Maria took over, trying to soothe. “Goodlife—we are not bad, this man and I. Those who built this machine are the badlife. Someone built it, you know, some living people built it, long ago. They were the real badlife.”
“Badlife.” He might be agreeing with Maria, or accusing her.
“Don’t you want to live, Goodlife? Hemphill and I want to live. We want to help you, because you’re alive, like us. Won’t you help us now?”
Goodlife was silent for a few moments. Then he turned back to face them and said: “All life thinks it is
, but it is not. There are only particles, energy and space, and the laws of the machines.”
Maria kept at him. “Goodlife, listen to me. A wise man once said: ‘I think, therefore I am.’ ”
“A wise man?” ne questioned, in his cracking voice. Then he sat down on the deck, hugging his knees and rocking back and forth. He might be thinking.
Drawing Maria aside, Hemphill said: “You know, we have a faint hope now. There’s plenty of air in here, there’s water and food. There are warships following this thing, there must be. If we can find a way to disable it, we can wait and maybe be picked up in a month or two.”
She watched him silently for a moment. “Hemphill—what have these machines done to you?”
“My wife—my children.” He thought his voice sounded almost indifferent. “They were on Pascalo, three years ago; there was nothing left. This machine, or one like it.” She took his hand, as she had taken Goodlife’s. They both looked down at the joined fingers, then raised their eyes, smiling briefly together at the similarity of action.
“Where’s the bomb?” Hemphill thought aloud suddenly, spinning around.
It lay in a dim corner. He grabbed it up again, and strode over to where Goodlife sat and rocked.
“Well, are you with us? Us, or the ones who built the machine?” Goodlife stood up, and looked closely at Hemphill. “They were inspired by the laws of physics, which controlled their brains, to build the machine. Now the machine has preserved them as images. It has preserved my father and mother, and it will preserve me.”
“What images do you mean?
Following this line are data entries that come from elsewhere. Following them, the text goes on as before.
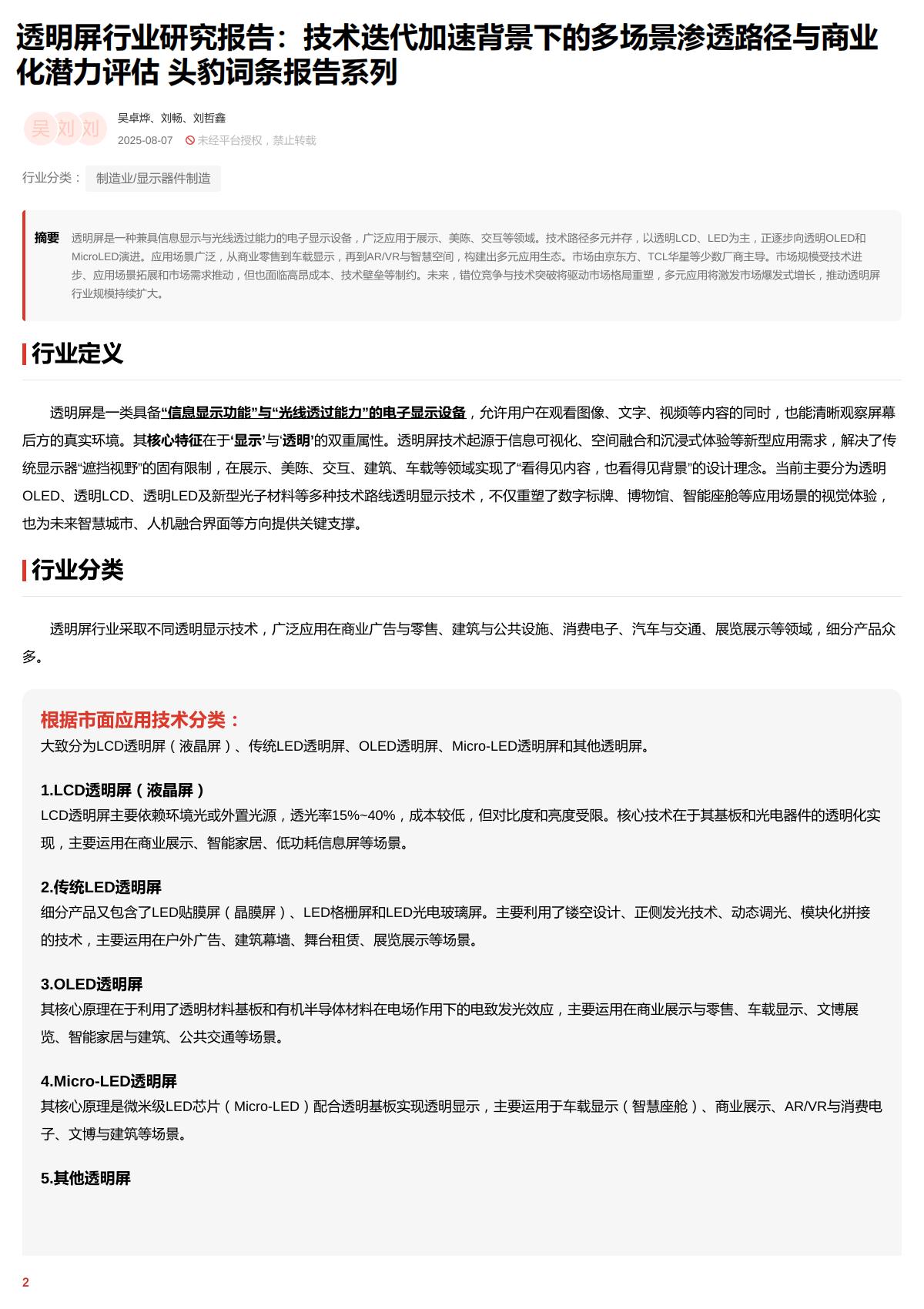 摘要 透明屏是一种兼具信息星示与光透过能力的电子量示设备,广泛应用于屡示、美账、交互等领域。技术路径多元井存,以透明LCD、LED为主,正逐步向透明OLED和MicrnLED演进,应用场景广泛,从商业零售到车载显示,再到ARNR与智禁空间,构建出多元应用生态,市场由索东方、TCL华星等少数厂商主导,市场规模受技术进步、应用场景拓腰和市场需求性动,但也面临高雕成本、技术壁垒辱制约,未来,堵位免争与技术实破路驱动市场格局重塑,多元应用将激发市场螺发式增长,推动遇明屏行业规模持续扩大。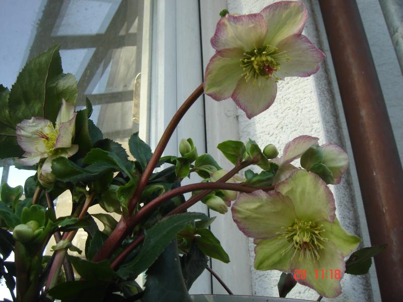 Helleborus X glandorferi Ice N Roses, im Topf und hochgestellt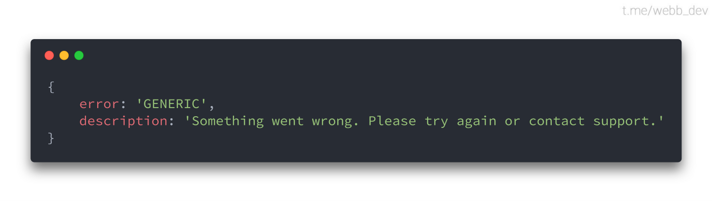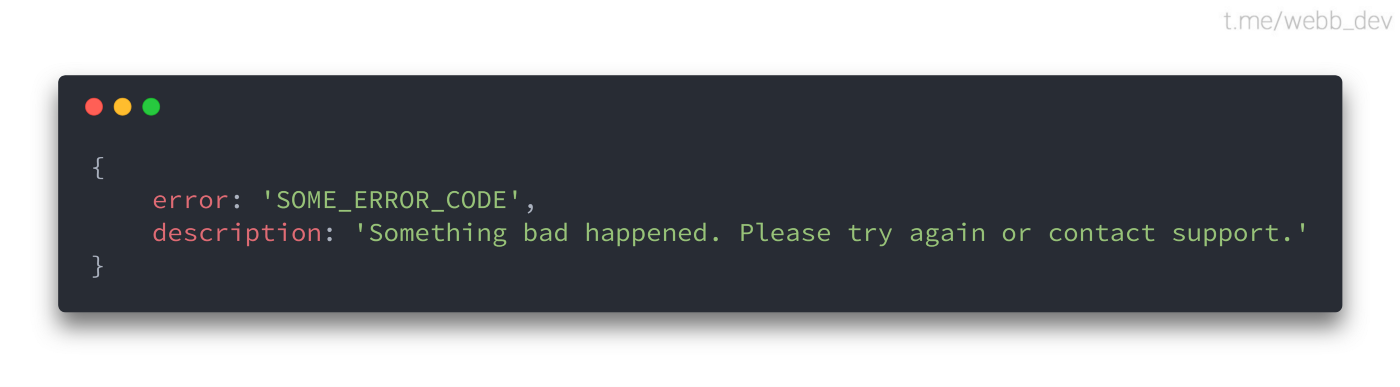 В этих примерах с самими запросами ничего не делается. Тут просто рассматриваются разные сценарии возникновения ошибок. Итак, например, запрос попадёт в функцию , запрос попадёт в функцию и так далее. Эта схема работает и при использовании параметров запросов. Например — для запроса вида . В целом, здесь продемонстрировано, что при обработке ошибок, во фронтенд может попасть либо общая ошибка, содержащая лишь предложение попробовать снова или связаться с владельцем сервера, либо ошибка, сформированная с использованием конструктора , которая содержит подробные сведения о проблеме.Данные общей ошибки придут в клиентскую часть приложения в таком виде: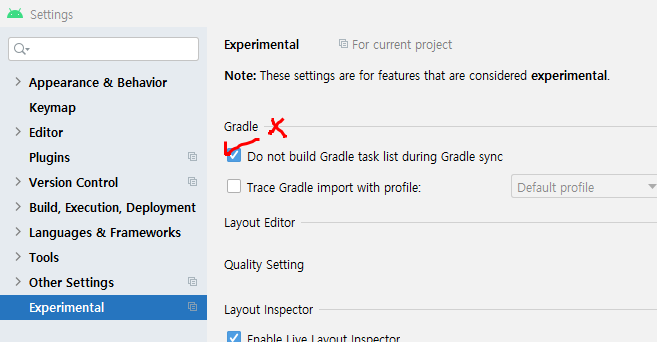 Gradle view를 클릭하여 열었을 때 Tasks가 없으면 셋팅에서 Tasks 를 숨김해제로 변경
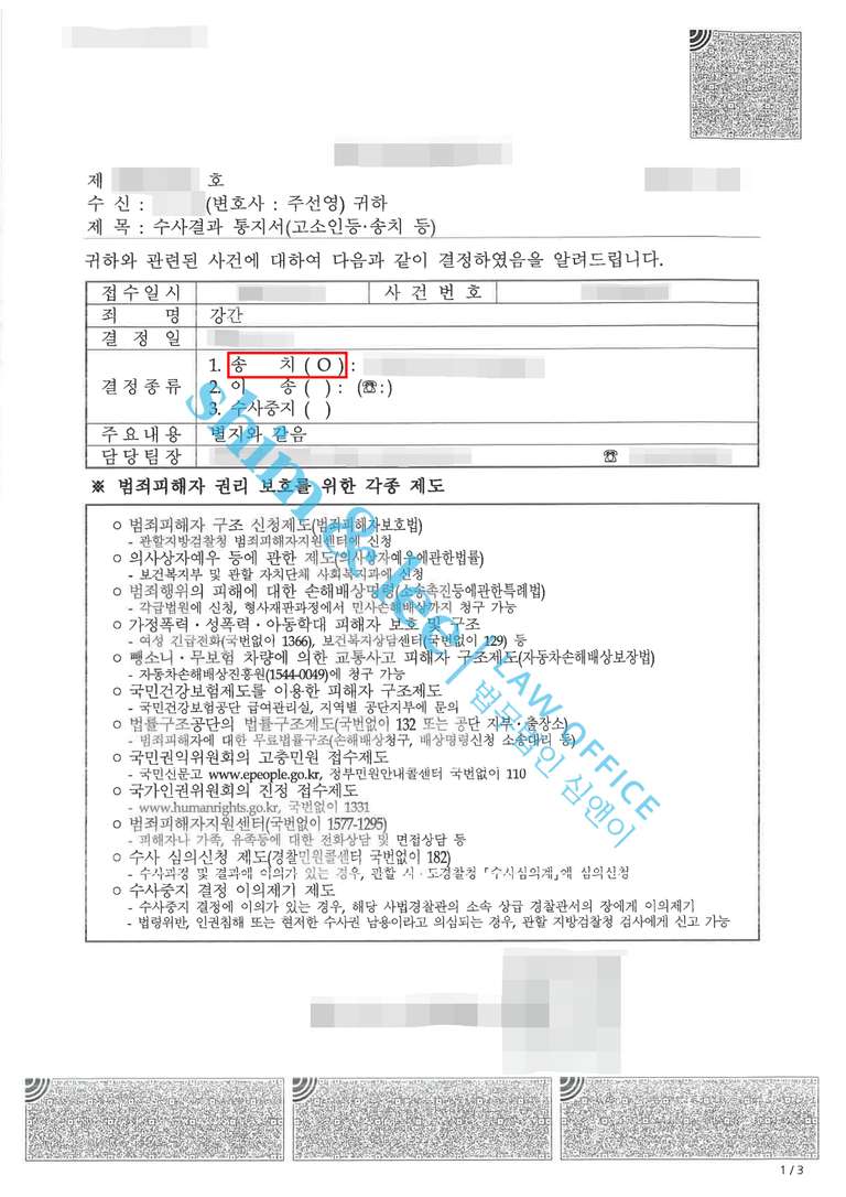 - 가해자는 경찰 조사 과정 내내 강제로 강간한 사실이 없다고 주장하며 혐의를 부인하였으나, 피해자가 피해 직후 가해자로부터 입금 받은 금전 내역과 변호사님이 제출한 고소장 및 의견서의 내용이 보다 신빙성이 높다고 판단되어 결국 사건은 검찰로 송치되었습니다.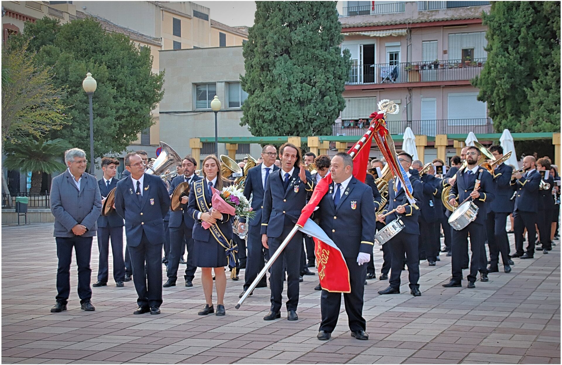 Poco a poco fuimos completando el grupo de educandos que encabezaba la comitiva. La siguiente en incorporarse a la misma fue Zahira Fabiola Juan Lapo con la flauta travesera y de nuevo sonó Orgullo Santiaguista. Finalizó la recogida de educandos con Daniel Navarro Azorín, un nuevo oboe para la Banda Municipal que fue recibido con el pasodoble Tesoro y Fortaleza.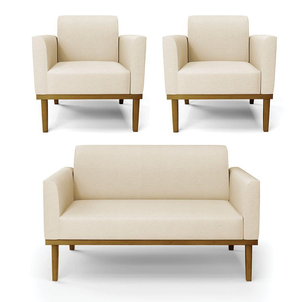 Sofá Namoradeira Com 2 Poltronas Base De Madeira Fixa Castanho Marisa Linho D03 - D'Rossi A19 Bege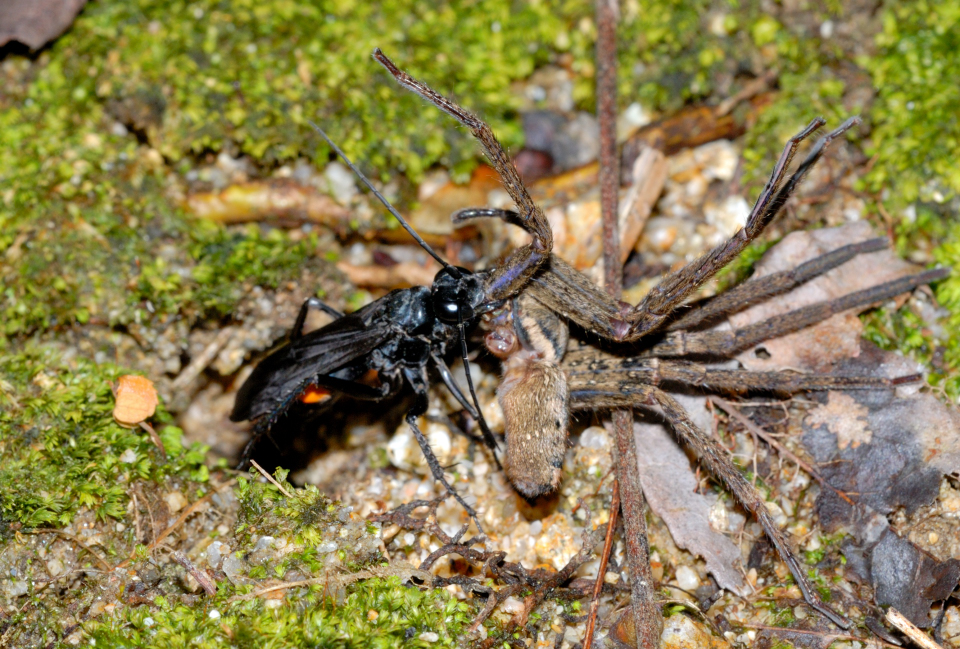 チュウヒメクモバチAuplopus obtususという、属内ではやや大型のクモバチがいる。

Where are they?”
“The images in the theater.”
The right course seemed to be to accustom him to co-operation, win his confidence, learn about him and the machine. Then, to the strategic housing.
“Will you guide us to the theater, Goodlife?”
It was by far the largest airfilled room they had yet found, with a hundred seats of a shape usable by Earthmen, though Hemphill guessed it had been built for someone else. The theater was elaborately furnished and well lighted. When the door closed behind them, the ranked images of intelligent creatures brightened into life upon the stage.